Amnesty’s home page currently has links to articles titled “Stand with the woman accused of witchcraft in Ghana” and “Demand accountability in Tanzania,” but the Hamas report is nowhere to be found.
If you navigate to their page about Israel, you can only get there if you know where to click.
This is the title of the report’s release: “Sustainable peace requires international justice for all victims of all crimes in Israel and the Occupied Palestinian Territory.”
The first subheading is: “Israel’s ongoing genocide, apartheid and unlawful occupation.” It goes on for 11 paragraphs detailing those accusations, but the link to the report about Hamas is also somewhere in there.
Amnesty claims that the long delay is nothing unusual, as it is difficult to accurately document evidence in a war zone. But this did not stop them from issuing a nearly 300 page report accusing Israel of genocide over a year ago. Or a report last month titled, “Post-ceasefire: Israel’s genocide in the occupied Gaza Strip continues.”
When it comes to condemning Israel, Amnesty runs and shouts. With regard to condemning Hamas, they go at a snail’s pace and then whisper.

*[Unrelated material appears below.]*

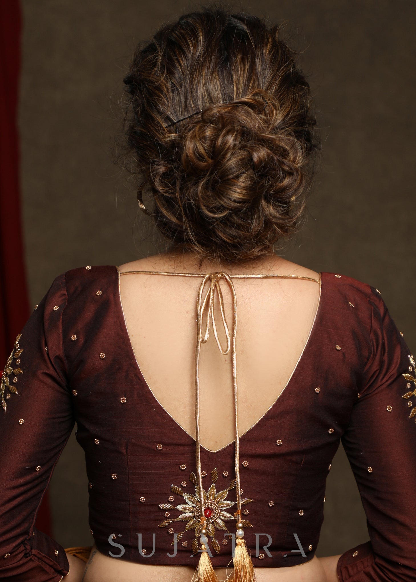 Add a touch of whimsy to your wardrobe with this beautifully hand-embroidered coffee brown blouse. Made with a luxurious blend of cotton and silk, it's perfect for any special occasion. Embrace your playful side with this unique and stylish piece. (Only 33 words!)

It turns out, according to reporting from The Free Press, that there was significant pushback within Amnesty against releasing the Hamas report at all. Some Amnesty officials complained that “the situation in Gaza is getting worse,” and “the report could be used by Israel to justify its actions.” If it was released in the Fall, they were concerned it also might interfere with recognition of Palestinian statehood at the United Nations.
But doesn’t failure to condemn the Hamas attack give the impression that it was somehow justified, and make Hamas more likely to do it again? And doesn’t Amnesty’s constant vilification of Israel risk inciting violence against Jews and Israelis, as we have unfortunately seen so much of, including just recently at Bondi Beach in Australia?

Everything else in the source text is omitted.